## INFORMATION PROVIDED:
•••••
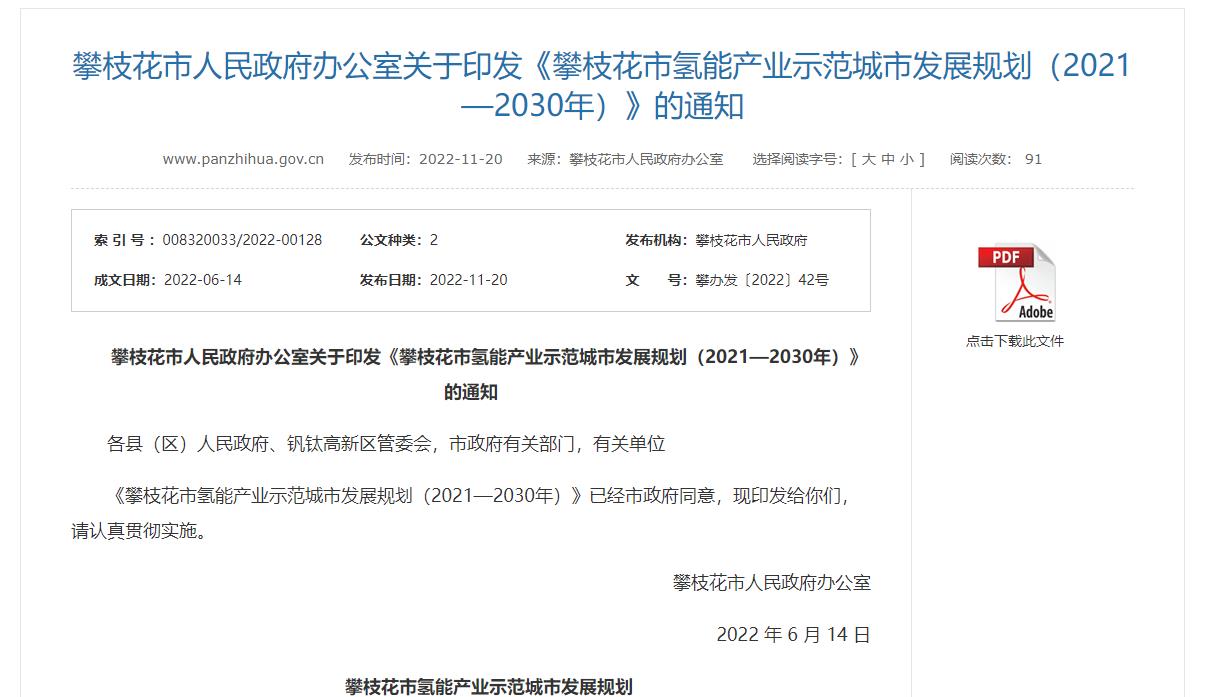 氫啟未來網獲悉,11月20日,攀枝花市人民政府發布《攀枝花市氫能產業示范城市發展規劃(2021-2030年)》
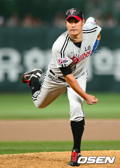 27일 오후 인천 문학야구장에서 열린 '2012 팔도 프로야구' LG 트윈스와 SK 와이번스의 경기, 6회말 LG 주키치와 교체된 이동현이 힘차게 공을 던지고 있다.
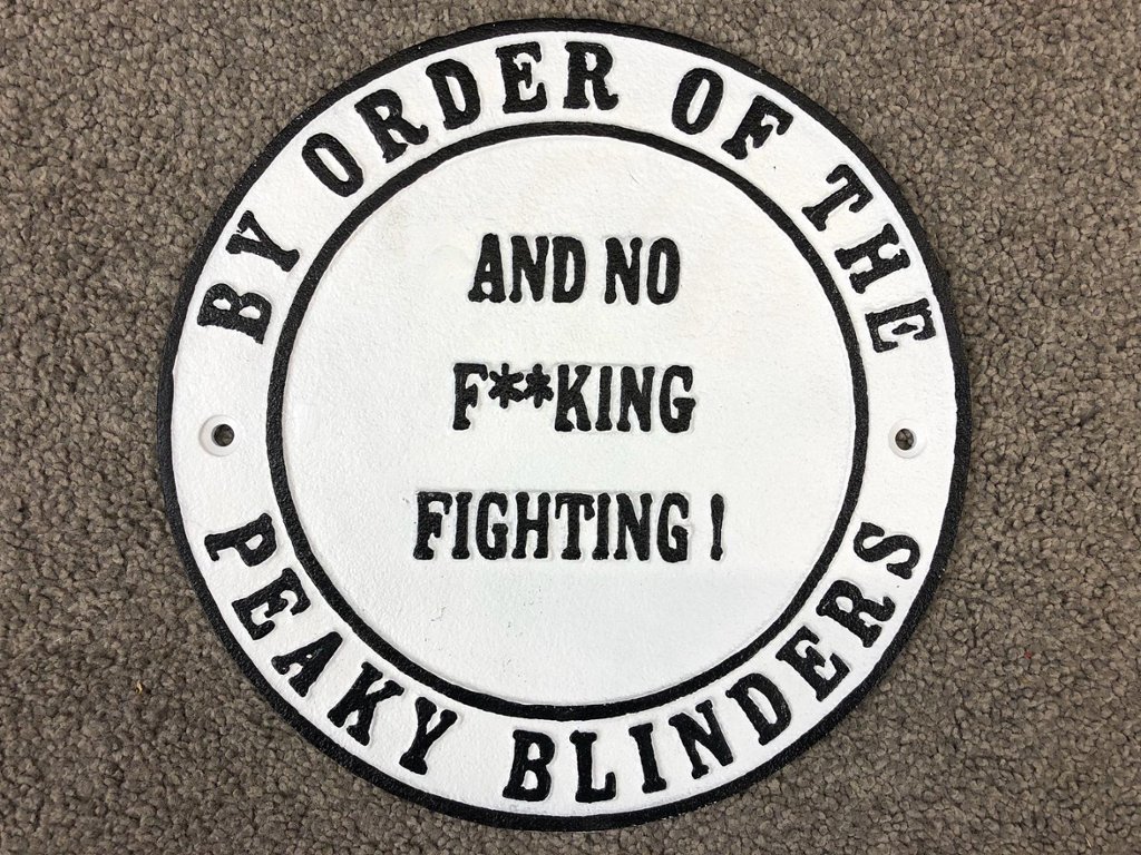 - > Peaky Blinders Wall Plaque titled 'No Fighting'
•••••
## TASK DIRECTIONS:
Please write out all the data word for word, but keep every picture out.

## SOLUTION FOR THIS EXERCISE:
 氫啟未來網獲悉,11月20日,攀枝花市人民政府發布《攀枝花市氫能產業示范城市發展規劃(2021-2030年)》
 27일 오후 인천 문학야구장에서 열린 '2012 팔도 프로야구' LG 트윈스와 SK 와이번스의 경기, 6회말 LG 주키치와 교체된 이동현이 힘차게 공을 던지고 있다.
 - > Peaky Blinders Wall Plaque titled 'No Fighting'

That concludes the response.